Jimmy died over 39 years ago. I remember so much about him. He loved orange crush soda. He wanted to race cars for a living. The last time I saw him was on his 17th birthday and he had a cast on his arm, results of a rough game of basketball. He taught me how to drive his car and motorcycle. He loved sports and the Seattle Seahawks. Once we got in big trouble when we hitchhiked back from the store after buying pop and candy. We rode my grandmothers ponies all the time. His favorite was Mazey, a black and white pinto that only had one speed, full-out run. Jimmy knew computers were going to be an important part of the future. I think he would be proud that I am sharing a bit of his story. I continually wonder how different my world would be if only he were in it. I see parts of him in my oldest, Skeeter. My sons missed out on knowing their only Uncle.
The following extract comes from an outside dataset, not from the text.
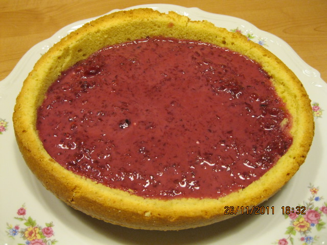 "coperchio chiuso" inserire le pere con il limone, i frutti di bosco scongelati, lo zucchero e cuocere per 10m 100° vel 2, addensare a varoma se è troppo liquida, fare raffreddare poi inserire la colla di pesce messa in ammollo e strizzata, lo yogourt , mescolare per 20 sec a vel 3.Tagliare la calotta alla torta, incidere intorno il bordo e scavare l'interno creando un incavo. Versare la farcia ricomporre la torta e versare la gelatina di albicocche calda.

The creaky sound of the steps leading up to my bedroom woke me up that morning. It was odd that my dad was home from work. He slaved 7 days a week to feed our family, blended when he married my stepmother and brought five more kids into our lives. He sat down on my bed and told me how my brother had died. I remember not crying. I had just turned 14 and other than losing my grandfather when I was very young, I hadn’t experienced death.
My dad explained that although it was the last day of school and I had important exams to be taken, I didn’t have to go if I didn’t want to. But I knew deep down he wanted me to. It was the worse day of my life. A friend who knew Jimmy expressed her sorrow. He boyfriend was there and asked what had happened, did he die or something? An instructor asked me in front of the whole class if I was related to the one who was killed last night (he has seen it on the news) and I said yes, he was my brother and then continued to take the exam.
If I could hit replay, I would have insisted on going to the trial. If anyone close went, they never spoke about it. Jimmy had taken the job part time for the summer and had only been there a week. When the robbers came in, they ordered him and the other employee on their stomachs. They shot my brother in the back of the head, execution style. The other employee was uninjured. I can’t even imagine how scared they must have been. The robbers were ages 16 and 20. My brother died for 20 dollars.
The funeral is such a blur to me. The walk up to the casket, looking at Jimmy was unreal. I turned and headed out. That was not my brother. Jimmy was full of life and adventure and he died too young. I miss him to this day.